My department chair though was doing sell presentation that sounded an awful lot like Codemsith about how for 80 years they have produced engineers capable of solving the world's hardest problems and are leaders because of their ability to bridge communication gaps and execute in solutions
Someone calling that happens in 12 weeks though is very different than a program that was literally 10 times longer.
u/MKing150 wrote (the comment Michael replied to):
12 weeks + whatever amount of time a student spent learning the material before attending, since Codesmith doesn't accept complete beginners. On top of that, the 12 weeks entails 12-hour sessions, 6 days a week. Where as at a University, maybe your data structures class is twice
u/michaelnovatireplied·★ FEATURED
My university was 25 hours a week classroom time and 40 of homework/projects but 3 semesters a year and summers were off to do research or internships.

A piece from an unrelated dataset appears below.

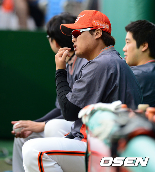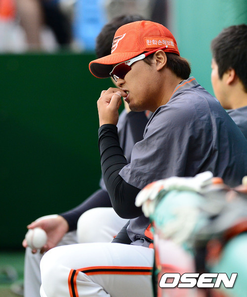 5일 오후 대전구장에서 열린 '2012 팔도 프로야구' 한화 이글스와 롯데 자이언츠의 경기, 1회초 한화 류현진이 손톱을 물어 뜯으며 경기를 지켜보고 있다.

I was commuting from home an hour a day each way, no remote classes, no recordings, and it was absolutely draining. I woke up at 5am and went to bed at 10pm, I worked all weekend, people thought I had problems haha and I didn't have any friends or do any hobbies. I read school stuff on the elliptical everyday for an hour, and I did scorekeeping for hockey on Sunday nights where I did homework in the box while doing it.
But other programs are way less intense and way more expensive so this is an exception case.... in the same way that Codemsith is a special program for special people and not something that anyone can just sign up for and make $100K
u/MKing150 wrote (the comment Michael replied to):
>Codemsith is a special program for special people and not something that anyone can just sign up for and make $100K
Hence its filtering process. Also, you can say the exact same thing about universities. They're not for everyone, and not everyone gets accepted to one.
For som
u/michaelnovatireplied·★ FEATURED
That's exactly why I used to, until the recent changes (which is paused until they settle), recommend specific people go there 1-1 if they are suited to it.
Just because I'm critical about a few things, doesn't mean it's not good for the right people.
But the market sucks for bootcamp grads right now. The most perfect person for Codesmith went there after college didn't work for them and is a totally fantastic person, has really struggled to get a job, even with exaggerating experience.